H. DÉBAT SELON LA PROCÉDURE D'URGENCE : PROJET DE CONVENTION-CADRE SUR L'INTELLIGENCE ARTIFICIELLE, LES DROITS DE L'HOMME, LA DÉMOCRATIE ET L'ÉTAT DE DROIT

1. L'intervention de M. Frédéric Mathieu, porte-parole du groupe GUE

Merci, Monsieur le Président.

Avant de commencer mon propos, je tiens au nom de mon Groupe à remercier la rapporteure pour le travail qu'elle a mené et également la précision, la rigueur et toutes les exigences qui sont portées dans son propos liminaire qu'elle a bien voulu nous délivrer tout à l'heure.

Monsieur le Président,

Chers collègues,

L'intelligence artificielle et ses usages font l'objet de débats de plus en plus récurrents dans nos sociétés. De façon générale, on appose de nouvelles peurs : remplacement de l'intelligence humaine par des machines, falsification d'images ou de publications, suppressions d'emplois, etc. Mais il convient de se rappeler que l'intelligence artificielle n'est qu'un outil.

Une image permet de comprendre aisément pourquoi il ne faut pas avoir peur de l'intelligence artificielle en soi mais simplement de comment on l'utilise : imaginez tout simplement, le problème ne vient jamais du marteau mais de la main qui le tient.

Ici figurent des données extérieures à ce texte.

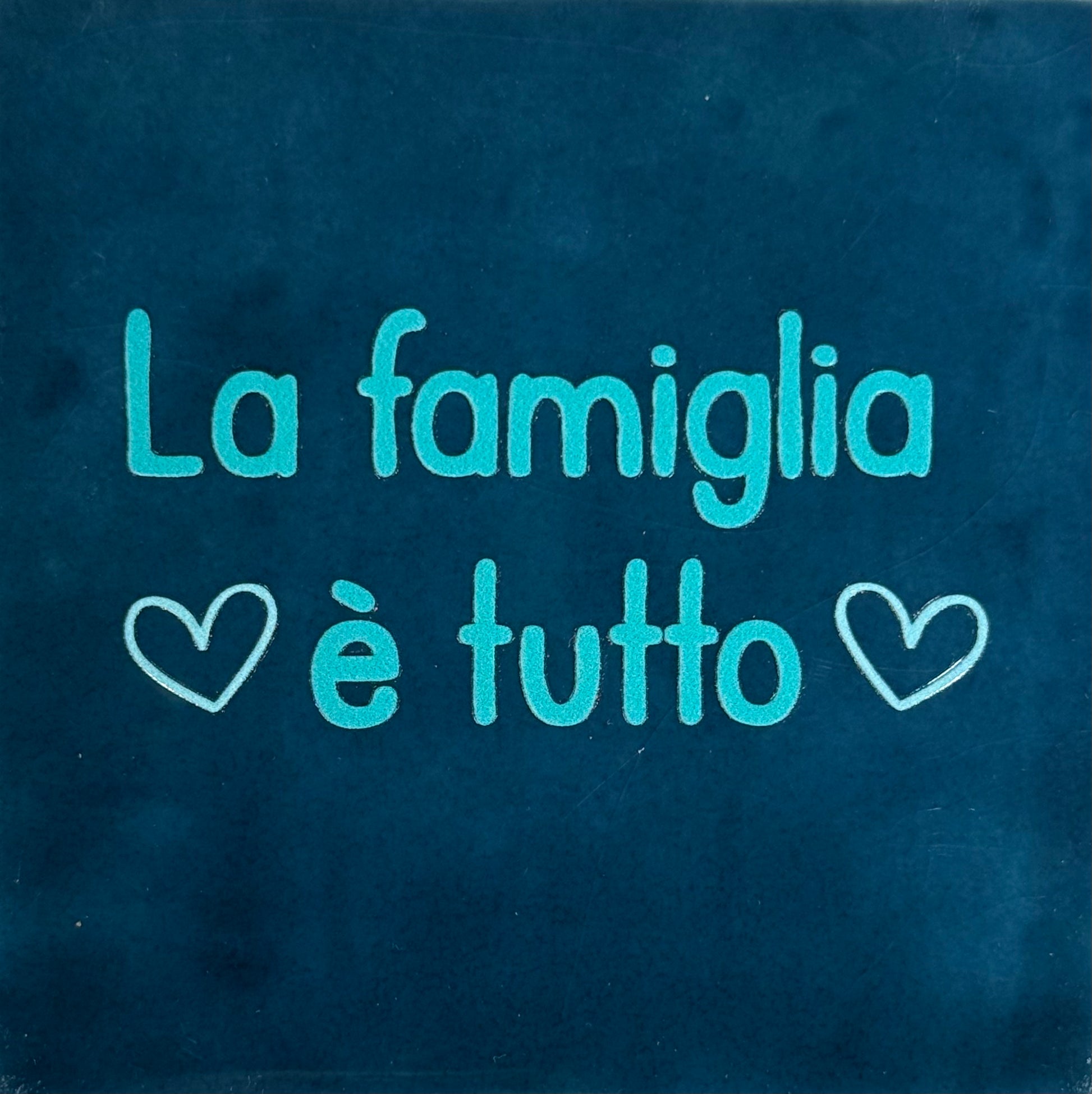 Quote tegeltje 'la famiglia è tutto' donkerblauw/turquoise (warmblauw)

Si le projet de convention-cadre est une avancée majeure pour l'encadrement et la régulation des usages de l'intelligence artificielle, comme la rapporteure, je déplore que l'usage de l'intelligence artificielle par les acteurs privés soit moins encadré que l'usage par les acteurs publics. Cette disparité ne peut subsister sans créer un danger : que des acteurs privés, souvent plus en pointe que les acteurs publics dans le domaine des nouvelles technologies, emploient l'intelligence artificielle avec des méthodes ou des buts qui pourraient porter atteinte aux droits de l'homme ou à l'État de droit.

Ainsi, que dirions-nous si une entreprise décidait de procéder à une collecte massive de données personnelles - par exemple de publications sur les réseaux sociaux - pour ensuite mener une opération de désinformation ou de propagande sur un sujet précis lors d'une élection ou durant la préparation d'un débat parlementaire ?

Nos pays savent à quel point la lutte informationnelle menée par certains pays contre nos démocraties peut avoir des conséquences graves. Nous ne devons pas rester naïfs : de grandes entreprises privées ont également des intérêts qui pourraient les pousser à un dévoiement de l'intelligence artificielle.

Malgré ce point, que la rapporteure a pu longuement développer dans le projet de rapport que nous examinons, nous nous félicitons qu'une prochaine convention puisse encadrer l'usage de l'intelligence artificielle en matière de droits de l'homme, de démocratie et d'État de droit.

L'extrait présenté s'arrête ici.